3. Most directly to the point, from Gupta's own blog, is an entry from October 2007, "
Giving autism a voice". Here's a relevant excerpt:
... It's called facilitated communication and it's been used for some people with autism since the early 1990s. The method involves a facilitator who sits with a person with autism and holds his or her hand, wrist, arm or even simply touches a shoulder in order to help them type with a single digit. The theory is that the presence of a facilitator can help the person focus and target his or her neuromuscular abilities to type on the keyboard. It's controversial because critics say that the facilitator can be the one manipulating the typing rather than the autistic person.
I just returned from the "Autism National Committee" annual meeting in Edmonton, Canada.

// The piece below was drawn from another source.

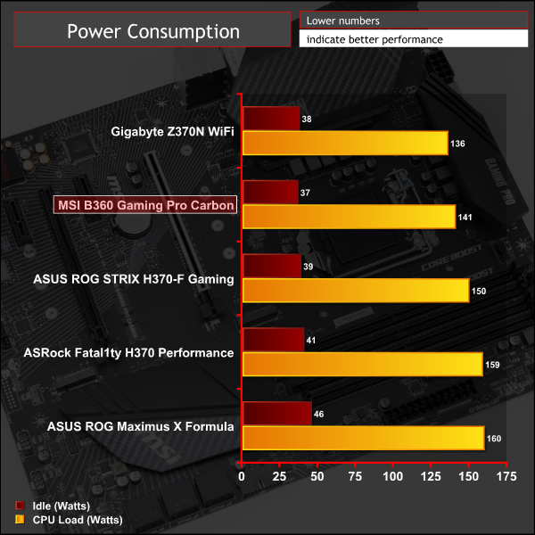 Power consumption was markedly lower than H370 equivalents, in part this is likely down to a conservative vCore that varied between 1.21-1.24 under load. It is worth noting that since the vCore voltage cannot be adjusted, you'd never be able to reduce power consumption further by under-volting.

I saw many people using facilitated communication, or FC, effectively in various ways. In some cases, I was a bit more skeptical. For sure, it is amazing to hear the thoughts of people whose outward appearance (including no eye contact, repetitive words and physical movement) can seem vacant or nonsensical to most of society. But FC was just one part of the conference. People who fall into all categories of the autism spectrum disorders arrived from all over North America to listen and learn from other people with autism. I followed up with an autistic woman named Amanda Baggs, whom we profiled earlier this year. Amanda communicates with a keyboard without a facilitator...
From what I can see, the rap on Gupta isn't really that he's a full-fledged supporter of facilitated communication, as various blog commenters seem to be claiming; it's that he hasn't been a strong enough opponent of it. Given how hard it is to get skepticism a fair hearing on almost any tv program, I don't think that's a particularly strong criticism. Unless people can come up with stronger examples of Gupta supporting FC, I'm inclined to consider that praise by faint damnation.